Estou escrevendo meio sem jeito, porque escrevo muito antes do Natal e do ano-novo (antigamente, chamado também de ano-bom, mas acho que perdemos a prática e ficamos um pouco mais realistas, agora é só ano-novo mesmo e já é suficiente). No dia em que batuco aqui as palavras que vocês estão lendo neste domingo, vai rolando lá fora a mesma confusão de sempre, em lojas e shopping centers e alguns padecentes descolam uma graninha extra, vestidos de Papai Noel, neste calor que vem fazendo, pelo menos aqui. E repetem-se as mesmas coisas de sempre.

As revistas e os jornais fazem retrospectivas e dão dicas de presentes, o sujeito telefona para a mãe pela única vez no ano, uns ficam repentinamente solidários e esperançosos, outros melancólicos e por aí vai, todo mundo já sabe o que acontece. E não se pode esperar nada de cronistas pouco inspirados, a não ser o blablablá de sempre, com a notável exceção de comentários sobre o fim do milênio, que me recuso a fazer, um pouco por falta de saco e bastante por incompetência mesmo.

Ninguém está mais trabalhando e também neste caso podemos esperar o de sempre, ou seja, o começo real de 1999, no fim da próxima Semana Santa, mais ou menos. Aí, as engrenagens adormecidas do País iniciam seu lento processo de volta e vamos encarar a realidade sem muitas possibilidades de adiamento, como terá acontecido no início do ano.

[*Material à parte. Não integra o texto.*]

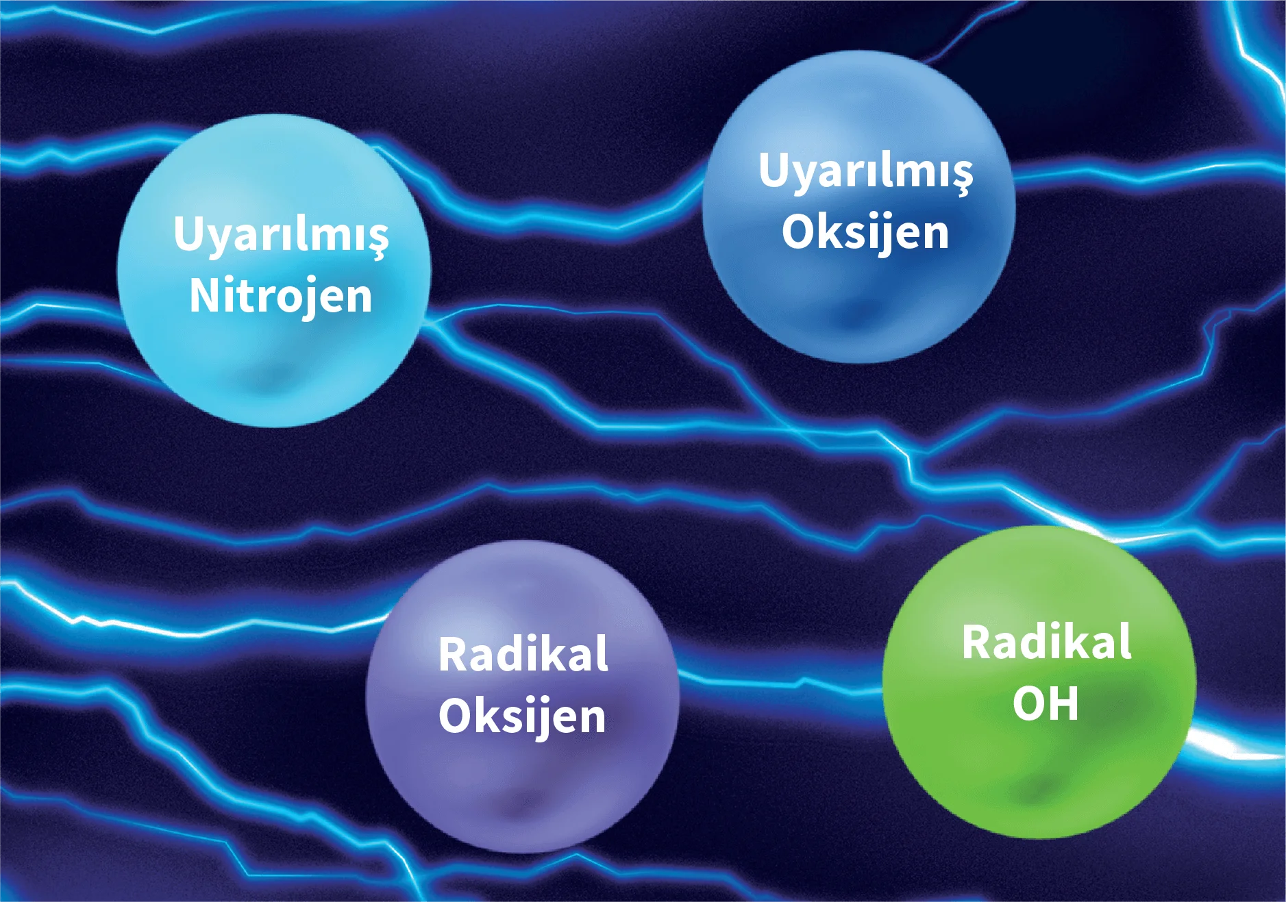 Elektronlar çarpışır ve havadaki nitrojen ve oksijenle birleşerek dört farklı türde bileşen meydana getirir.

Claro que exagero, porque, mesmo durante as festas, como algum jornal invariavelmente nos lembra, tem gente que está viajando de folga ou festejando onde pode, enquanto outros — como bombeiros, telefonistas, policiais e, claro, jornalistas — trabalham. Uma das razões da pressa e da antecedência com que escrevo é que já militei muito em redação e gosto de lembrar que o pessoal de lá também é filho de Deus e merece pelo menos uma colherzinha de chá. Aí não é justo que deixe alguém esperando esta momentosa crônica chegar de última hora, para acabar de fechar o jornal.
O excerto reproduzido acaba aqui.